1- Vernis blanc : étain, cristal au plomb, silex

 

2- Couleur turquoise : cristal au plomb, étain, silex, galets de cuivre

 

3- Jaune : oxyde de fer, oxyde d’étain, oxyde de plomb

 

4- Noir : oxyde de fer, dioxyde de manganèse, plomb, oxyde de cobalt

 

5- Violet rouge : Crystal, nitrate d’ammonium, or dissous

 

6- Vert : bardeaux de cuivre, verre flint (pierre), chromate de plomb

 

7- Marron : Oxyde de chrome vert, oxyde de fer, oxyde de zinc

 

8- Bleu : oxyde de cobalt, oxyde de zinc, silex.

 

Une fois que la peinture est terminée, les plaques émaillées sont remises au four à une température d’environ 600 °C, ce qui fait ressortir les couleurs finales. Dans le passé, les colorants inorganiques étaient utilisés dans cet art, mais aujourd’hui les couleurs chimiques sont davantage utilisées.
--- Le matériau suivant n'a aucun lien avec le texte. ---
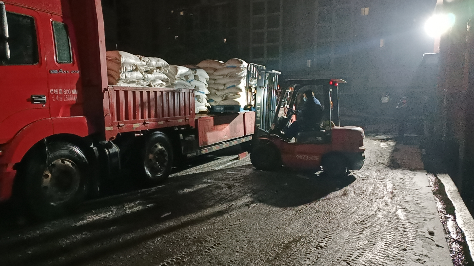 公司領(lǐng)導(dǎo)班子親赴倉儲配送一線指揮調(diào)度,全市一市五縣鹽業(yè)干部職工眾志成城抗冰雪,頂著風(fēng)雪嚴(yán)寒,冒著雨雪和刺骨的寒風(fēng)奮戰(zhàn)在保供一線。截至2月4日下午,合肥鹽業(yè)共出動配送車輛200臺次、配送人員100余人次、累計發(fā)出融雪鹽1500余噸,為清除全市各大公共交通道路積雪提供了有力保障。同時,將倉庫內(nèi)過期及破損小包裝鹽品拆袋裝換,為此次保供任務(wù)轉(zhuǎn)化融雪鹽品近20噸。4日晚上11點(diǎn)臨時接到市政部門緊急用鹽,公司搬運(yùn)人員在已連續(xù)作戰(zhàn)48小時的情況下,仍第一時間從家中趕至公司,奮戰(zhàn)在融雪鹽保供一線。

 Les critères influant sur la qualité de l’objet sont la sélection d’un métal approprié, la décoration, le type de chauffe et enfin le goût et la précision de l’artiste. L’œuvre  d’art émaillée peut être abîmée par les dommages des bords du corps causés par des chocs mécaniques ou le manque de chauffe approprié, ainsi que des défauts dans la base en métal (comme ayant une strie dans la couche métallique) ou un manque de jonction forte entre les différentes couches.
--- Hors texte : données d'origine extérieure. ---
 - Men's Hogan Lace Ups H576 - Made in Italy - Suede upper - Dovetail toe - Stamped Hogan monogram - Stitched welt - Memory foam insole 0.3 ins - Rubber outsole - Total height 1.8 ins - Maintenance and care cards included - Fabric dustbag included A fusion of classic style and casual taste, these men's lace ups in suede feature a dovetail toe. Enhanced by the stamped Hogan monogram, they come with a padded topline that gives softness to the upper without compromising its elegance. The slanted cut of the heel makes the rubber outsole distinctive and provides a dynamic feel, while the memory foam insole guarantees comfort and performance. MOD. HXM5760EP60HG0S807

Différents types de motifs symétriques iraniens sont utilisés dans les peintures minâkâri, telles que l’eslimi, qui est l’un des motifs islamiques bien connu également utilisé dans l’architecture traditionnelle. La beauté de l’œuvre dépend du temps de chauffe et de la précision de l’artiste. La calligraphie finale est conçue sur le corps avant de se stabiliser par la cuisson. Comme nous l’avons évoqué, le plus grand risque pour l’émail est la séparation de la surface décorée en raison d’un choc mécanique. Par conséquent, des précautions doivent être prises lors du transport de l’œuvre. Si une partie de l’émail est séparée, elle doit être réparée immédiatement, sinon elle peut également endommager les autres parties. L’émail peut être lavé sans problème avec une éponge et de l’eau chaude car l’émail est recouvert d’un glaçage transparent.

 Les Iraniens sont connus pour produire des objets de minâkâri de la plus haute beauté. Comme nous l’avons évoqué, le grand maître de l’émaillerie d’Ispahan est Shokrollâh Sani’zâdeh, dont l’ancêtre était un peintre renommé. L’une des œuvres inestimables de ce maître a été utilisée pour l’impression d’un timbre en vue de rendre hommage à l’artisanat iranien en 2008. L’objet original est conservé au Musée des arts traditionnels et de l’artisanat. Parmi les élèves distingués de Sani’zâdeh, nous pouvons nommer Gholâm-Hossein Feizollâhi, qui se distingue notamment par la beauté de ses motifs. Actuellement, certains artistes d’Ispahan continuent de produire des objets d’une grande finesse. Ces artistes présentent leurs œuvres dans la rue Tchahâr-Bâgh aux environs de la place Naqsh-e Jahân.